For a foreign buyer looking at Andalucia in 2026, the single figure that most often gets miscalculated is the purchase tax. It is not one rate. The amount owed depends on whether the property is a resale or a new build, and the two paths follow entirely separate parts of the Spanish tax code. Getting the distinction right at the offer stage, rather than at completion, is what keeps a budget honest.
Resale property and the transfer tax
A resale home, meaning any property that has been sold at least once before, attracts Impuesto sobre Transmisiones Patrimoniales, the property transfer tax known as ITP. Andalucia holds its general ITP rate at a flat 7 per cent for 2026, applied to the declared purchase price. On a resale apartment at 850,000 euros, that is 59,500 euros in transfer tax alone, payable within thirty days of signing the title deed at the notary.
The flat structure matters. Some Spanish regions still operate sliding scales that push the marginal rate higher on more expensive homes. Andalucia does not, which is one reason the western Costa del Sol has stayed competitive against comparable coastal markets. A buyer comparing a resale in the Marbella area against one elsewhere in Spain should confirm the applicable regional rate rather than assume a national figure.
New build property and VAT
A new build bought directly from a developer follows a different route. There is no ITP. Instead the buyer pays IVA, Spanish VAT, at 10 per cent on residential property, plus Actos Juridicos Documentados, the stamp duty on the deed, which Andalucia currently sets at 1.2 per cent. Combined, that is 11.2 per cent on a new build against 7 per cent on an equivalent resale.

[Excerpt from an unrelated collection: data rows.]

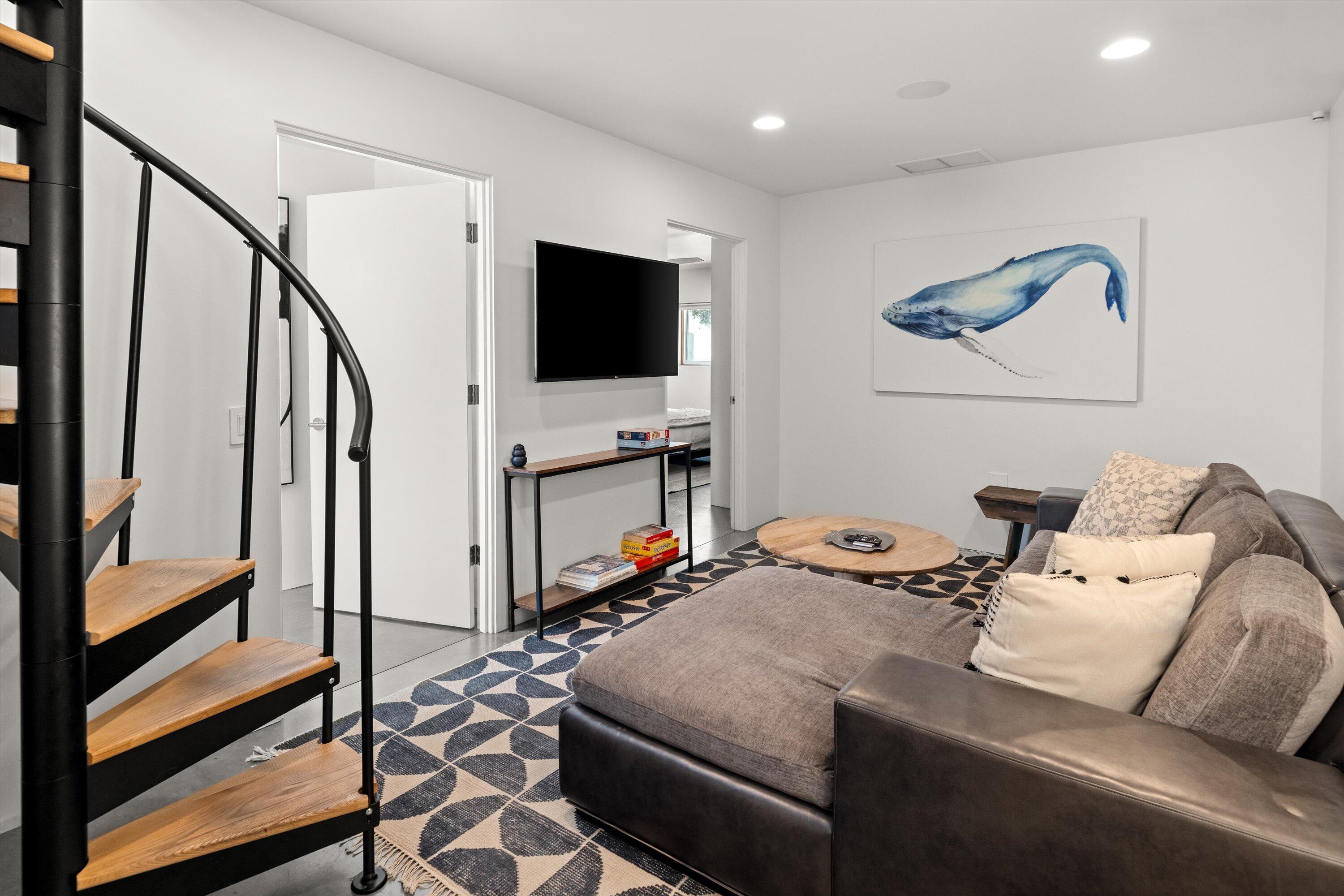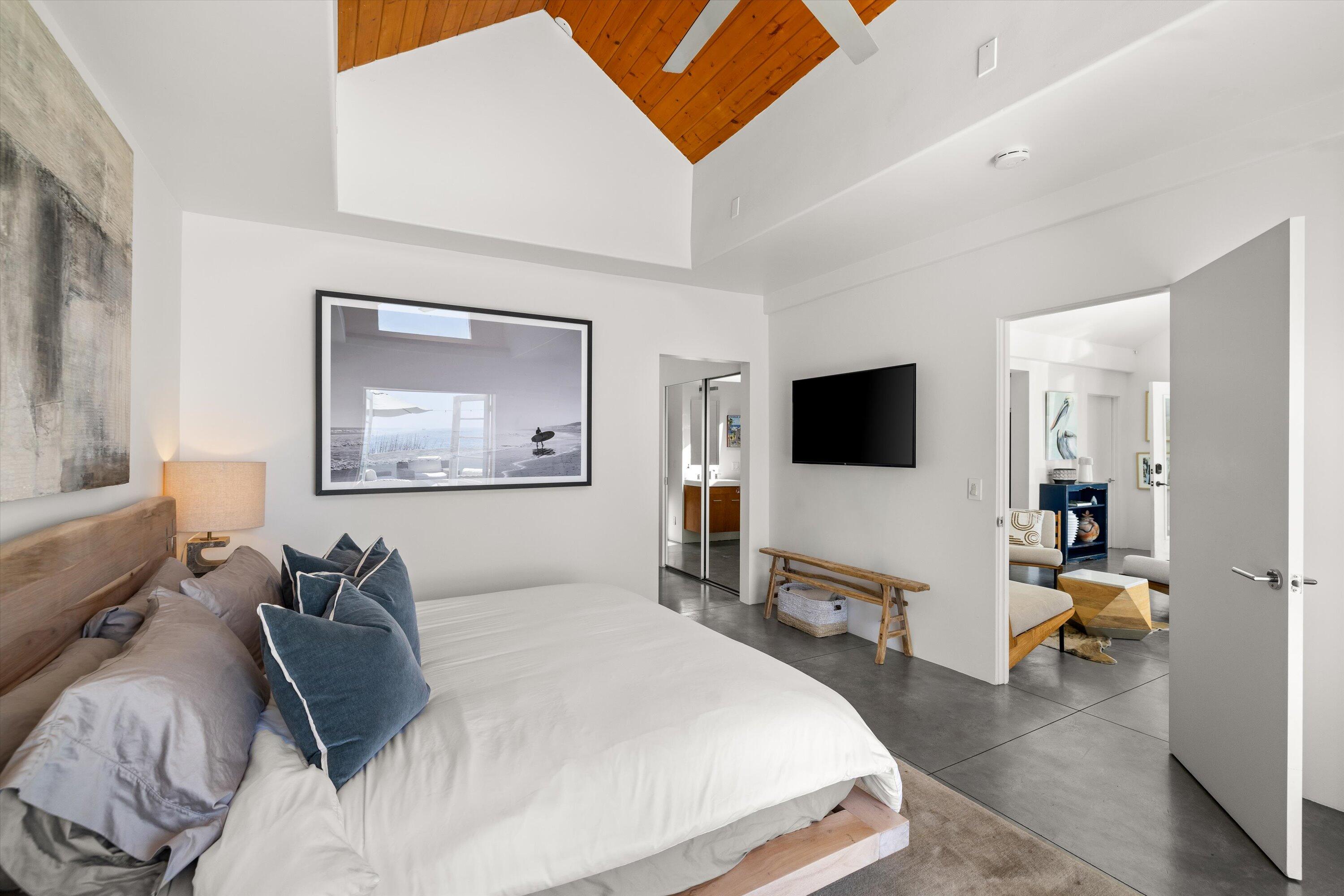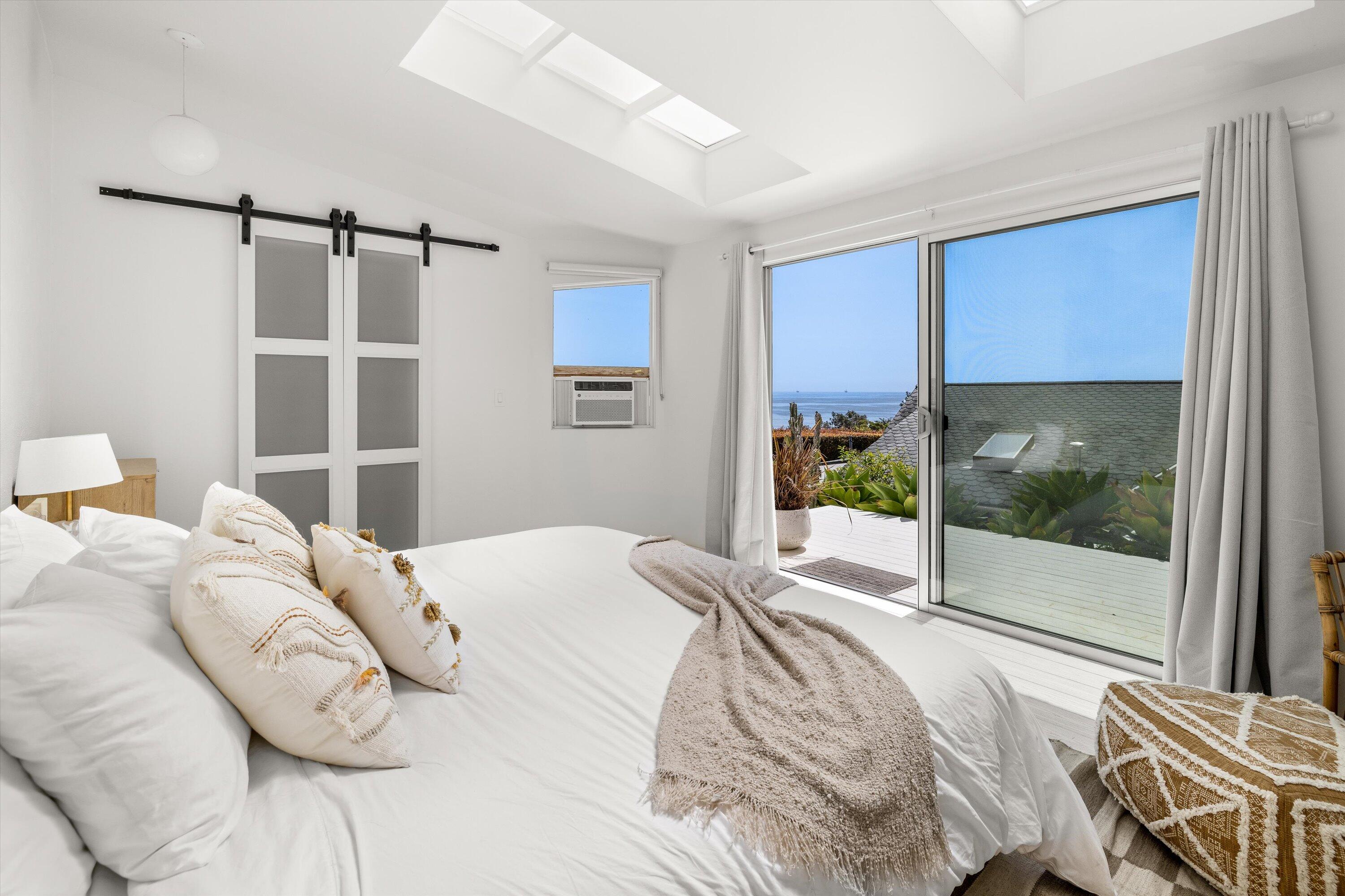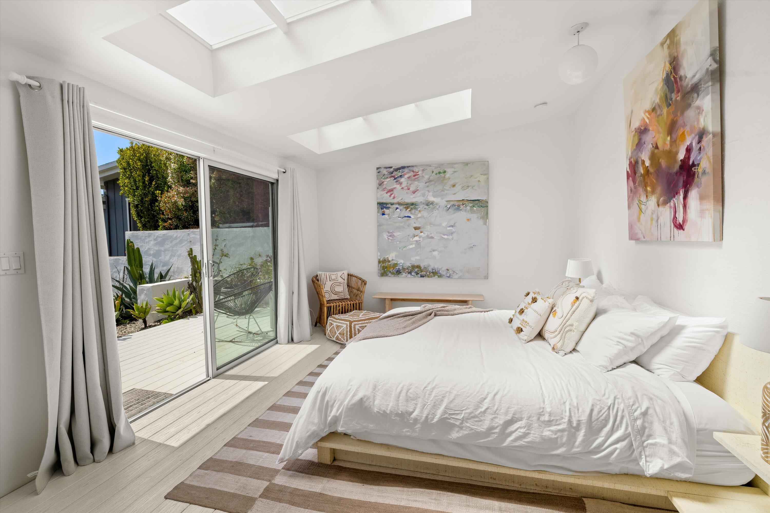 Inside, the 3/bed, 3.5 bath layout feels fresh and airy thanks to a renovated kitchen and a cozy lower level den. Vaulted ceilings with skylights and generous wrap around decks and patios make the most of the salty bre The lush gardens, private spa, and separate ocean-view art studio add to the home's unique appeal. Situated on a rare street-to-street lot, it also includes a two-car garage and plenty of off-street parking.
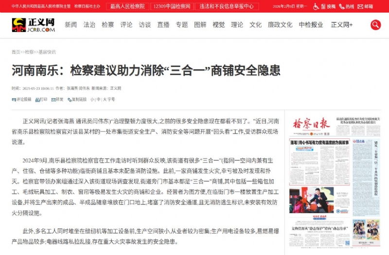 2025年5月23日,《正义网》报道我院向某镇政府提出检察建议,助力辖区内消除“三合一”商铺安全隐患的工作做法。
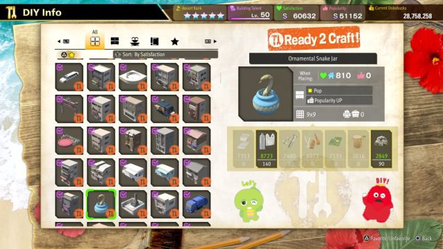 You should regularly review the blueprints you have available, to see if something new and efficient is at your disposal. You can also find a few blueprints back on the mainland. Highlights include the valuable Ornamental Snake Jar, acquired by talking to an NPC at the Anaconda Shopping Center. The blueprint for the Gold Armchair, another useful item, is found in a bottle around the island.
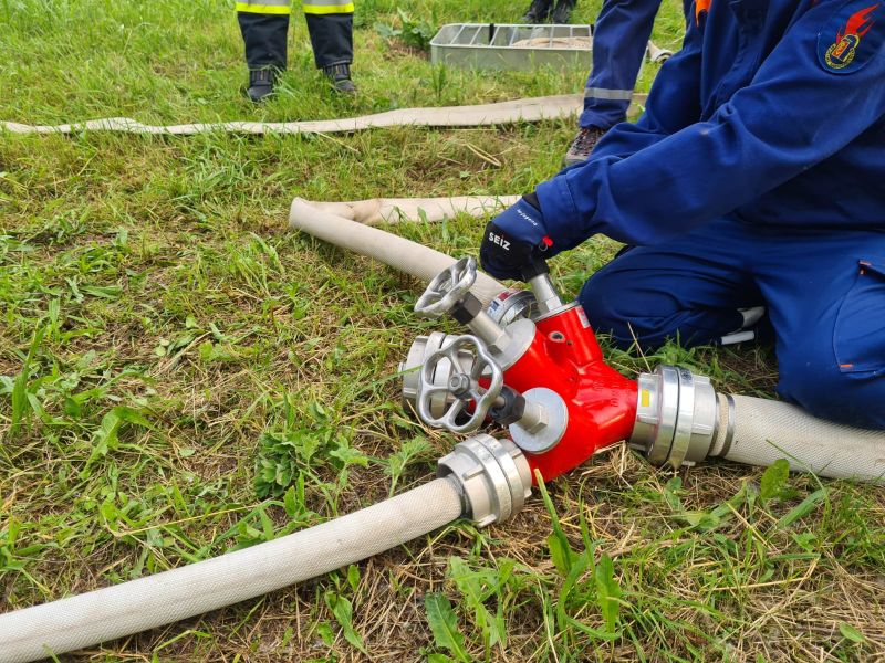 Der Aufbau eines provisorischen Wasserwerfers mit einem B-Rohr wurde bei dieser Ausbildungseinheit ebenfalls geübt.
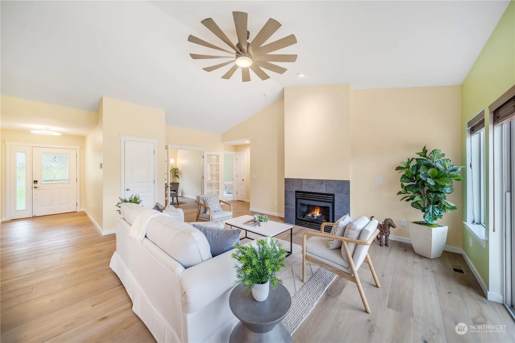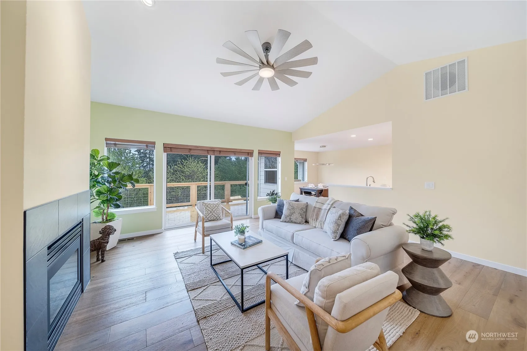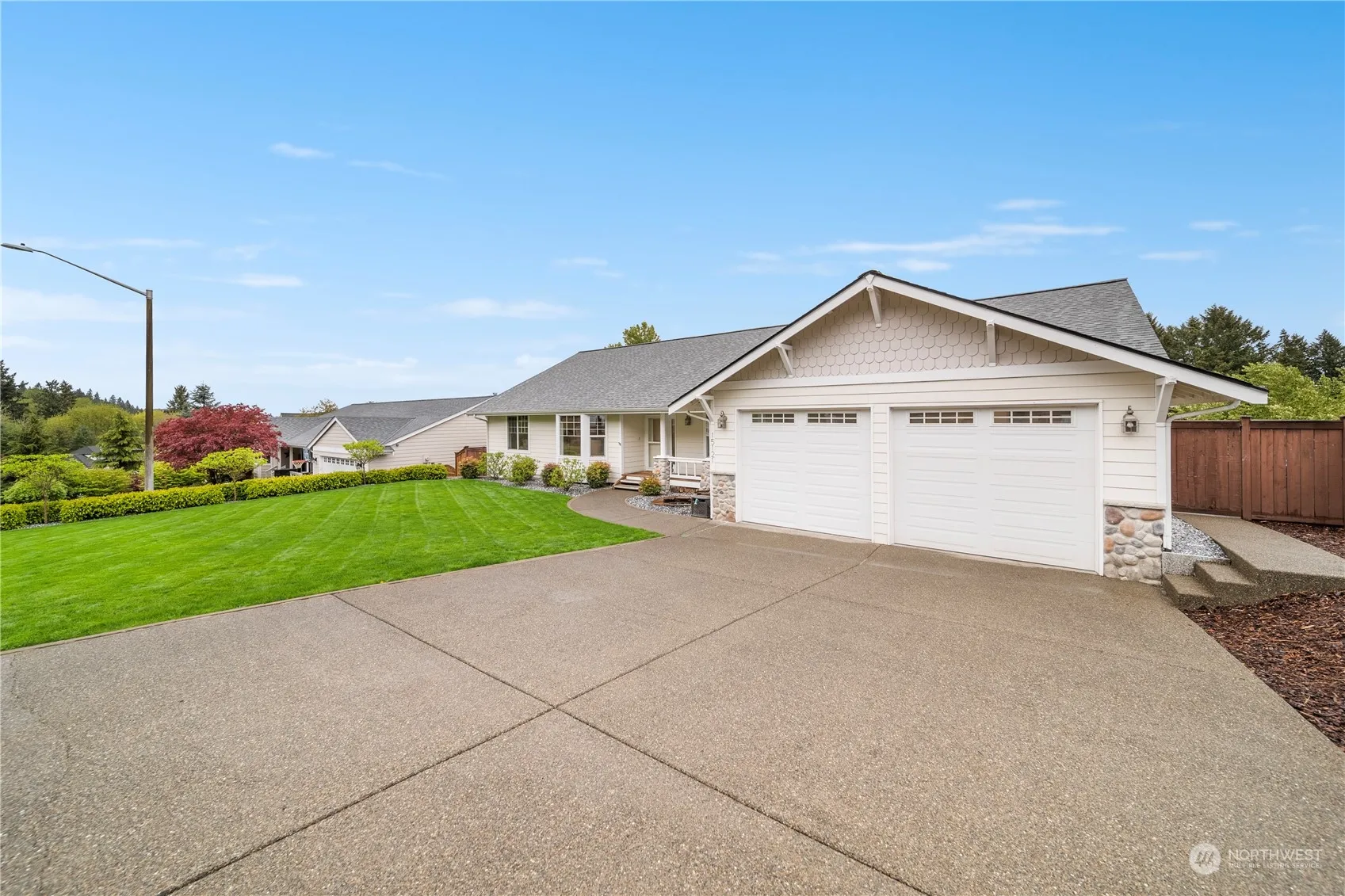 Welcome to your meticulously upgraded home in a secure gated community, now featuring a new roof for lasting elegance and protection. This splendid property showcases a primary suite with direct access to a double deck, offering serene Orting Valley views ideal for both tranquil mornings and entertaining evenings. Nestled on a spacious 1/3 acre lot, the outdoor spaces include well-appointed decks and a patio, complete with a BBQ gas hookup for upscale outdoor dining. Inside, the home offers an open kitchen and great room layout, a den accented by French doors for privacy, and two additional bedrooms linked by a full Jack & Jill bathroom. Equipped with air conditioning, this home combines comfort with refined living in a picturesque setting.

The gap is real money at the price points common in this market. On a 1.2 million euro purchase, the new build tax load is roughly 134,400 euros, compared with 84,000 euros on a resale at the same price. That does not make one option better than the other, because a new build and a resale are rarely like for like on specification, warranty or location. It does mean the tax line has to be modelled separately for each shortlisted property rather than carried across as a single assumption. Anyone weighing both routes while browsing marbella property for sale will want the tax comparison drawn up before, not after, an offer is agreed.
The costs that sit alongside the headline tax
Purchase tax is the largest single line, but it is not the whole picture. Buyers should also budget for:
- Notary fees, set on a regulated scale and typically a few thousand euros on a mid to high value purchase.
- Land Registry fees, again regulated and modest relative to the tax.
- Legal fees, commonly around 1 per cent plus IVA for independent conveyancing, which is standard practice and strongly advisable for a non resident.
Taken together, transaction costs on a resale in Andalucia usually land between 9 and 11 per cent of the purchase price, and on a new build between 12 and 14 per cent. A buyer who models the full figure early avoids the common error of stretching to a headline price and then finding the completion funds short by six figures.
What this means for a 2026 purchase
The practical takeaway is simple. Decide whether you are buying new or resale before you fix your top line, because the tax structure changes the true cost by four to five percentage points. Confirm the current Andalucia rates with your lawyer at the point of purchase, since regional rates are set locally and can be revised. And treat the tax as part of the acquisition price, not an afterthought settled at the notary. In a market where individual homes run well into seven figures, that discipline is the difference between a clean completion and an uncomfortable one.